UPDATE: In Sunday's Washington Post, William D. Eggers and John O'Leary offer a fascinating sneak peek of their new book, If We Can Put a Man on the Moon: Getting Big Things Done in Government. Eggers and O'Leary offer five points of which, one, the idea of a "bridger," is germane to what was mentioned above, about getting across "the chasm," in re: making the healthcare system work. Here's that portion:

What do the Apollo mission, the 1964 Alaska earthquake recovery and the Iraq troop surge all have in common?
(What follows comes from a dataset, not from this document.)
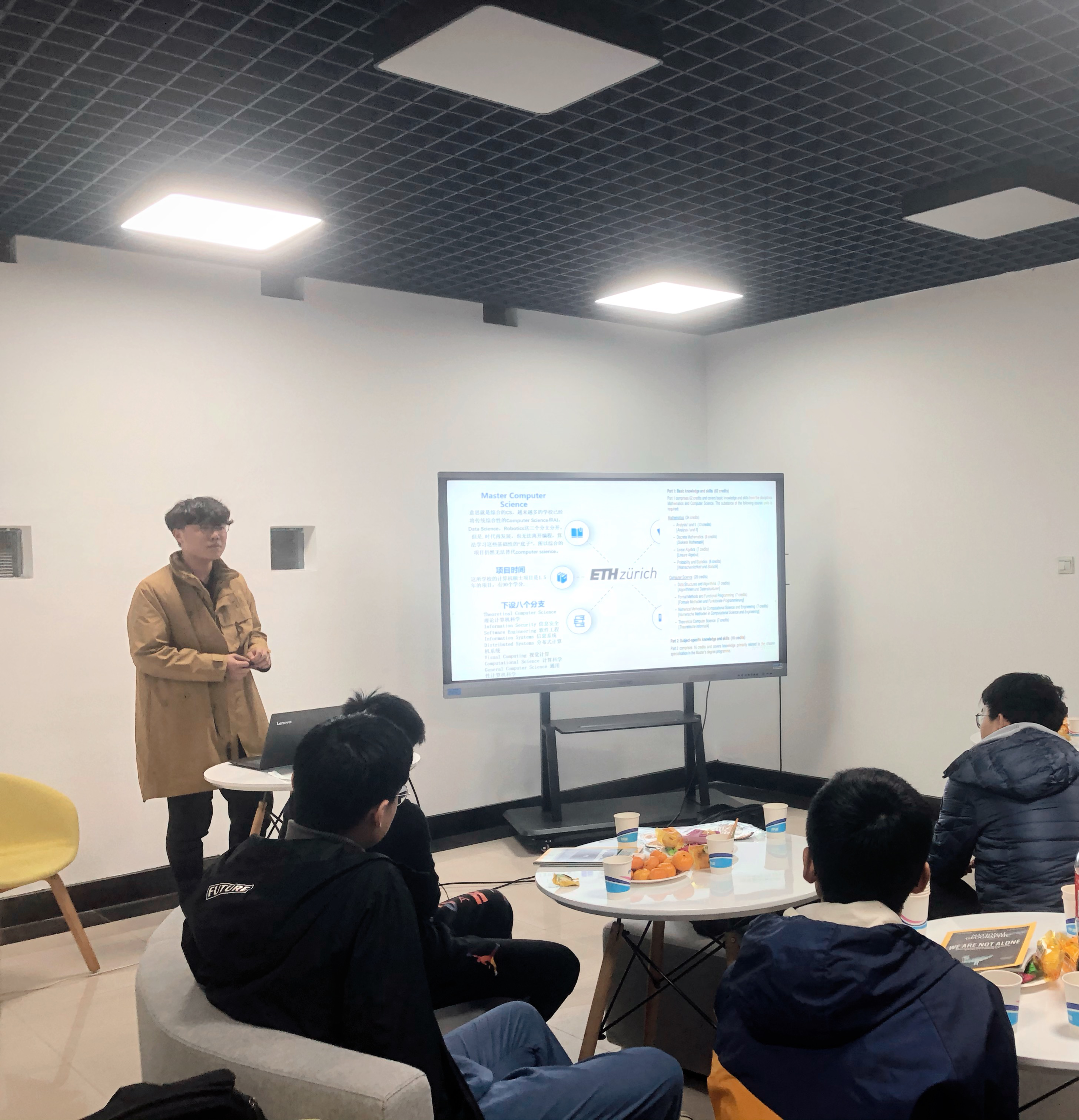 接着,李奇详细的介绍了苏黎世联邦理工大学的排名、规模以及申请条件,帮助大家对国际一流大学的入学标准有初步的认识。让同学们意识到,要想成功拿到世界一流大学的offer,成绩高是最基本的,除此之外还需要全方位的提升自己,包括语言成绩,文书准备,科研和竞赛经历以及实践经历等都是申请的加分项。他着重对该校的计算机科学相关专业进行了详细介绍,向大家显示了该校当前的主要研究方向以及相关研究人员、计算机相关实验室和实验小组以及近期的重大研究成果。

Critical to the success of each was the presence of a "bridger." This is a leader who can move between the political and bureaucratic worlds -- the rare person who can translate bureaucratic language to politicians and tell the political masters when they are off course.

With Apollo it was NASA Administrator James Webb; in Alaska it was career civil servant Dwight Ink; with the surge it was Gen. David Petraeus. Such individuals are critical to executing history-making undertakings but are often undervalued at the time.
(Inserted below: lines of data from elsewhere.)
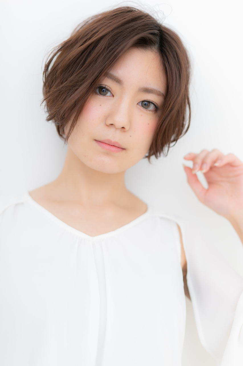 前下がりが新鮮!耳まで隠れるサイドのラインに色香を残し、ショートでもボーイッシュになりません。ノーバングで顔立ちを綺麗に。厚めバングや斜めバングも◎ラフなのにフェミニンなstyleは幅広い年代の方にオススメ。
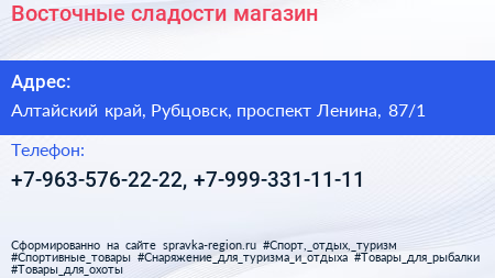 Восточные сладости, магазин по адресу Алтайский край, Рубцовск, проспект Ленина, 87/1 в дальнейшем Организация, размещена в следующих категориях:
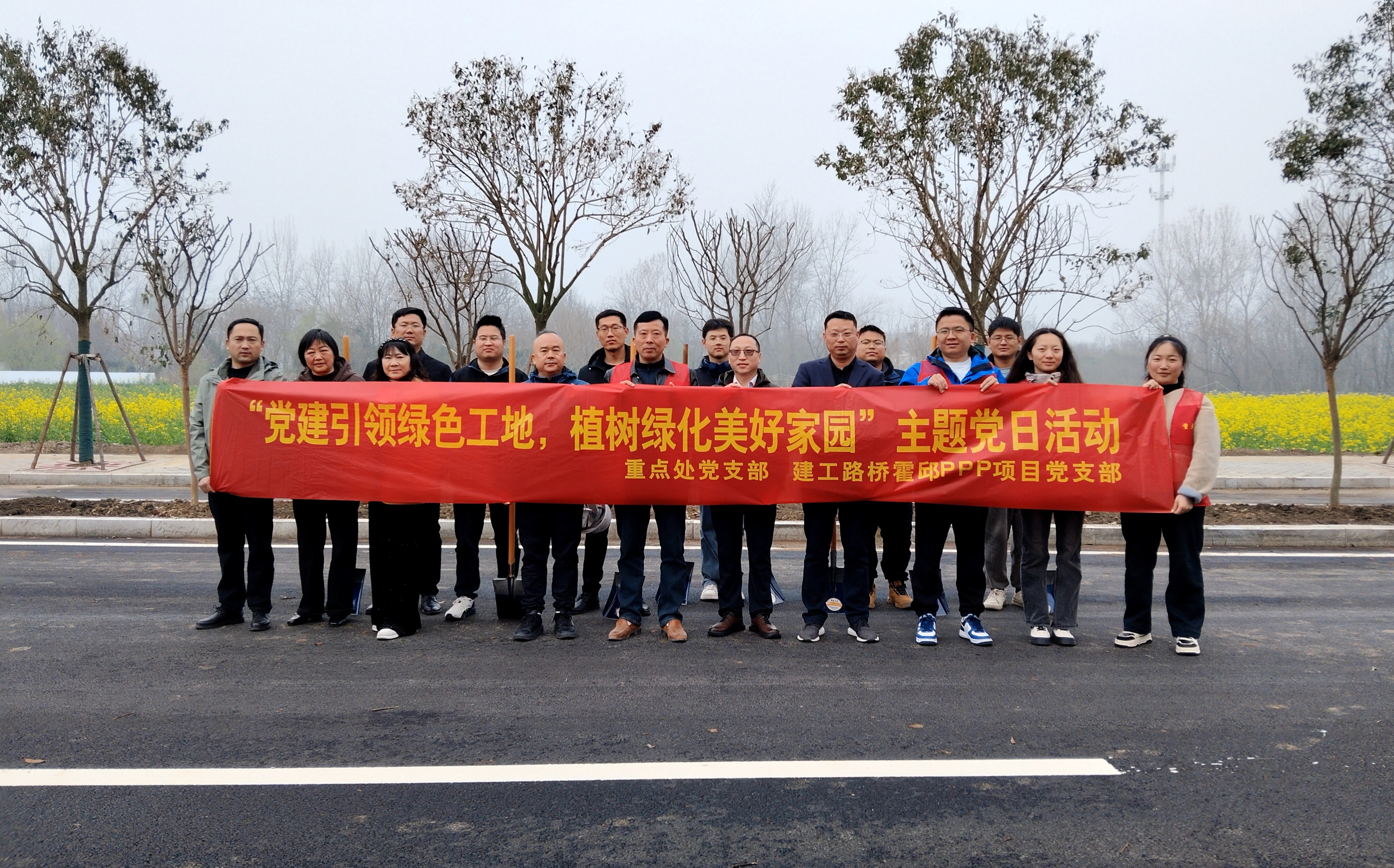 霍邱PPP項目黨支部聯(lián)合縣重點處和項目公司開展“黨建引領(lǐng)綠色工地,植樹綠化美好家園”主題黨日活動。項目全體黨員和青年職工積極行動,不負(fù)春光添新綠。
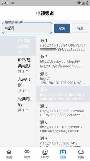 3、然后点击源,即可播(bo)放,播(bo)放失败就一直手动换。
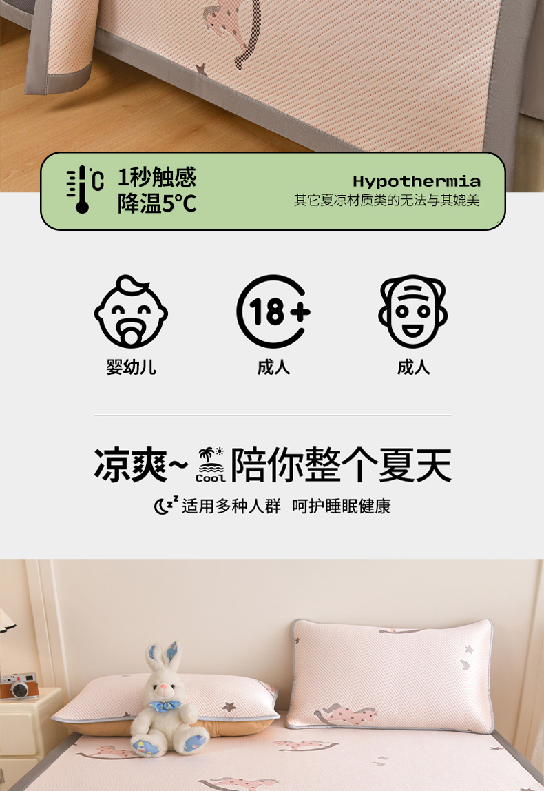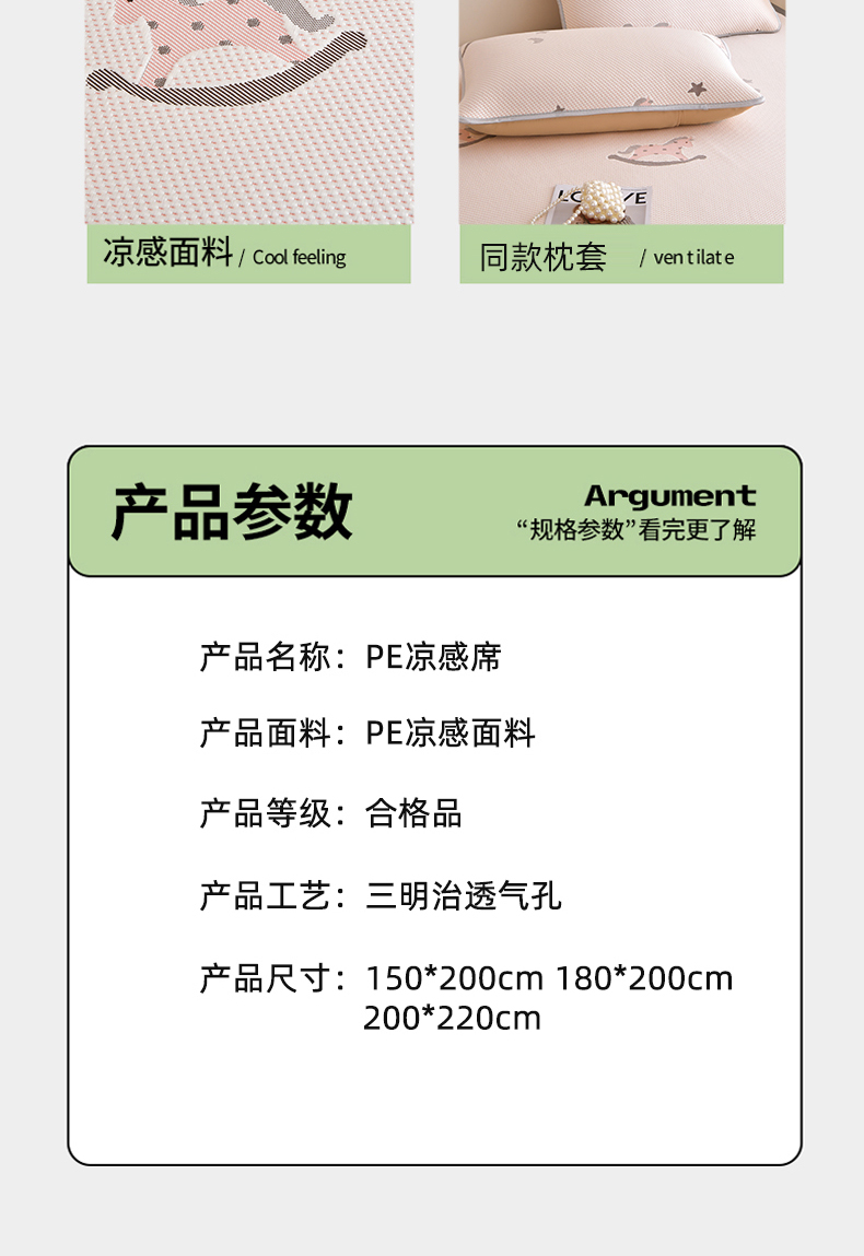 商品名称:金艾草 2026新款PE冰豆豆席凉感凉席单件席子平铺款 凉豆豆凉席-小马粉

Webb was a quintessential bridger. President John F. Kennedy chose him to lead NASA through the political, administrative and technical challenges of putting a man on the moon, and it proved a wise decision. Though an early draft of Kennedy's 1961 man-on-the-moon speech had set 1967 as the goal for a lunar landing, Webb added what he called an "administrative discount" of two years to account for unforeseen contingencies. He also doubled the cost estimates developed by NASA for the Apollo mission before sending them to the president, adding his administrative realism to counter the optimism of his technical staff.

1 comment:

  1. This will put things in the proper prospective-This is a fine mess that you have got us in, Ollie. If you are old enough to remember that one, you probably have worked in some good jobs knew the value of a good education and have the ability to quantify this bill and realize the repercussions by getting past the hooks.I am not sure the hooks will come off as stated, the Stimulus and the Clunker Plan also had hooks and promises. As Mr. Pinkerton made a salient point here that I completely agree with is that there are a shortage of Americans who can discuss all the ramifications of this bill with each other. Revealing this information by an individual equipped with higher education and working in the journalism vocation must be handled deftly to ensure not being viewed as some pedantic, self aggrandizing, pompous know it all. Someone like myself, is much more likely to not be taken aback by a son or daughter being insured until 26, no pre-existing conditions to disqualify and more hooks and start to dice up all the problems that this bill will cause us. First, taxes for everybody will rise. Whether they are payroll taxes or consumption taxes, we will all have to pay higher taxes for several years before the first benefit kicks in. Some portion of the uninsured will stand to the side where a struggling Medicaid program swamps the states. There will be Medicare cuts. Walgreen in one state has already refused to fill Medicaid prescriptions.If the medical profession and the providers are hammered by fee losses, they will leave and believe me they know how to do it. They cannot force a doctor to accept any insurance and they will go in great numbers to a cash only payment system. Obama and the Democrats are biting the hand of these that heal us. Meanwhile, the laborers, office workers and cashiers of America may have seen the hooks and were satisfied. The Democrats know their aptitude for bills and statutes and that is one of the reasons they capitalized on the shortcomings of their constituents.